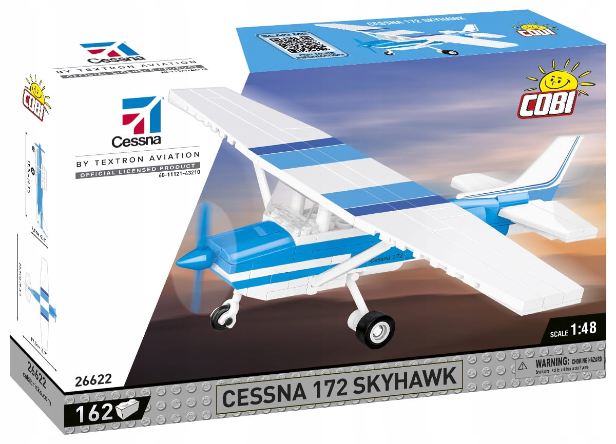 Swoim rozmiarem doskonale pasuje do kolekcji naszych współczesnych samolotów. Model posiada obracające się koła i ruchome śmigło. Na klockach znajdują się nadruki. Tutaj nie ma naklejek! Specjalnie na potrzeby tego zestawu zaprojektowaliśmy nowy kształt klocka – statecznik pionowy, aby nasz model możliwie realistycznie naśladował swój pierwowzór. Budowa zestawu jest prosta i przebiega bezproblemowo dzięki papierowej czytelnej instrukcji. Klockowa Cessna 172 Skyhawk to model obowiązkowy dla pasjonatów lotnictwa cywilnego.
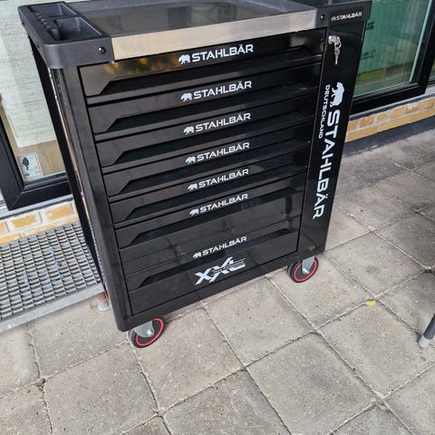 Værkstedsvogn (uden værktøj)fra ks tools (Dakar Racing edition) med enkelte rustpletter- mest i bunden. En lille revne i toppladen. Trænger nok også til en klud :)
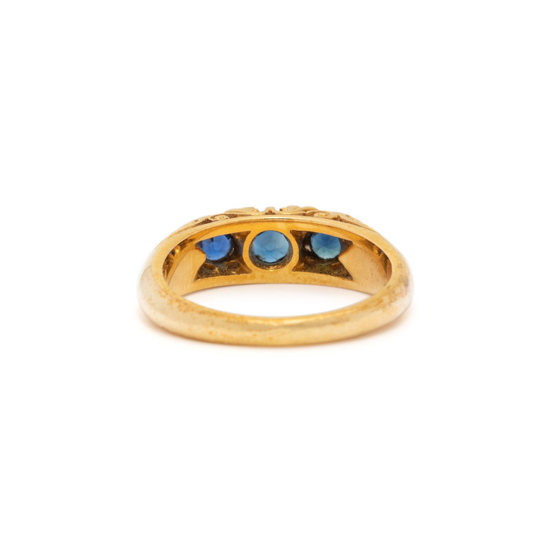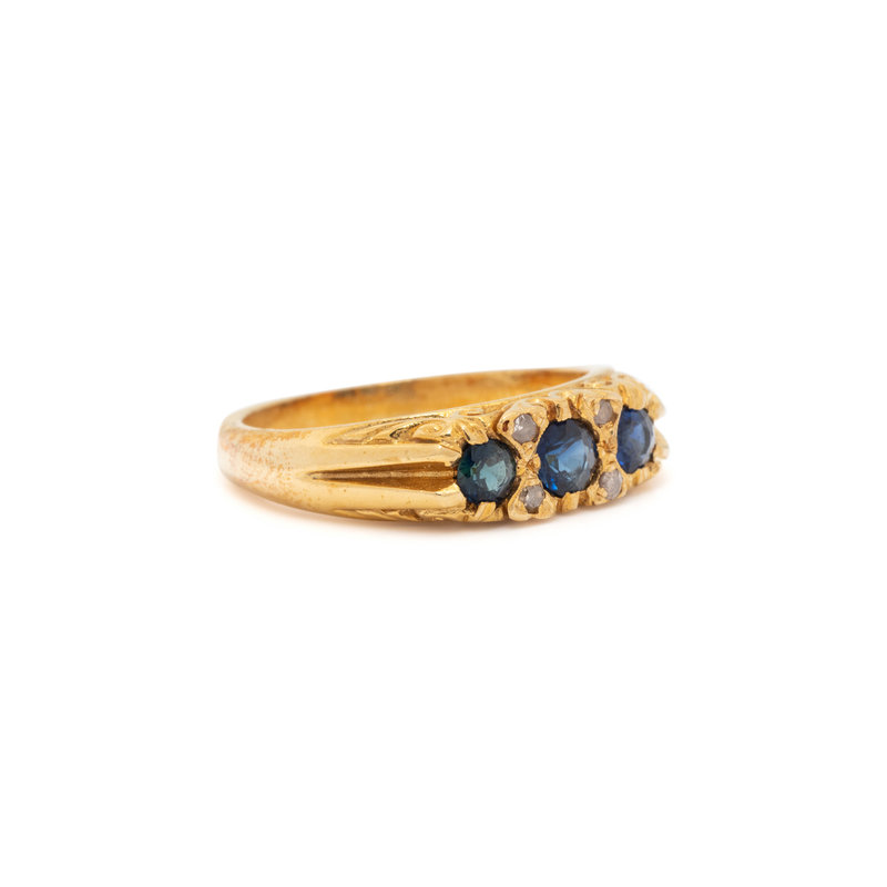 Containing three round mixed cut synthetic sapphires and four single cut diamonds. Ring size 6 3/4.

--

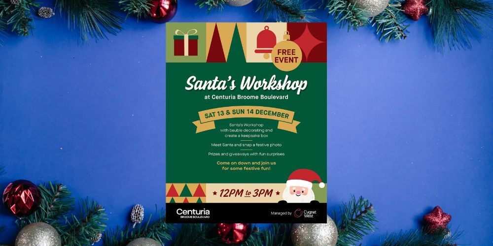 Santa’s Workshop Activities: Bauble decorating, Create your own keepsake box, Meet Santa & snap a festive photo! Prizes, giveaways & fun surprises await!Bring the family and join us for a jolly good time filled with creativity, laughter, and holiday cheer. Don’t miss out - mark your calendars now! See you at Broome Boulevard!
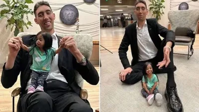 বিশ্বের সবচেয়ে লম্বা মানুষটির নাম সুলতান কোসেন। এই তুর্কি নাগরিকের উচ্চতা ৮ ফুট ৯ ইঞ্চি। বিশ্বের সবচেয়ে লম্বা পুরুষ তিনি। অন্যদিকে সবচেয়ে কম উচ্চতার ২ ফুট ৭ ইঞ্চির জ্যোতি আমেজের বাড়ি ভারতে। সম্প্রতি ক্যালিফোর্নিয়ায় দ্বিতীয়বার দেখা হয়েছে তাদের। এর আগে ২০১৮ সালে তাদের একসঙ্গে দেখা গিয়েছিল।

--

The answer is those lines of the material above that run from the one containing "Swoim rozmiarem doskonale" up to and including the one containing "Containing three round", restated exactly and without images.

Task output:
 Swoim rozmiarem doskonale pasuje do kolekcji naszych współczesnych samolotów. Model posiada obracające się koła i ruchome śmigło. Na klockach znajdują się nadruki. Tutaj nie ma naklejek! Specjalnie na potrzeby tego zestawu zaprojektowaliśmy nowy kształt klocka – statecznik pionowy, aby nasz model możliwie realistycznie naśladował swój pierwowzór. Budowa zestawu jest prosta i przebiega bezproblemowo dzięki papierowej czytelnej instrukcji. Klockowa Cessna 172 Skyhawk to model obowiązkowy dla pasjonatów lotnictwa cywilnego.
 Værkstedsvogn (uden værktøj)fra ks tools (Dakar Racing edition) med enkelte rustpletter- mest i bunden. En lille revne i toppladen. Trænger nok også til en klud :)
 Containing three round mixed cut synthetic sapphires and four single cut diamonds. Ring size 6 3/4.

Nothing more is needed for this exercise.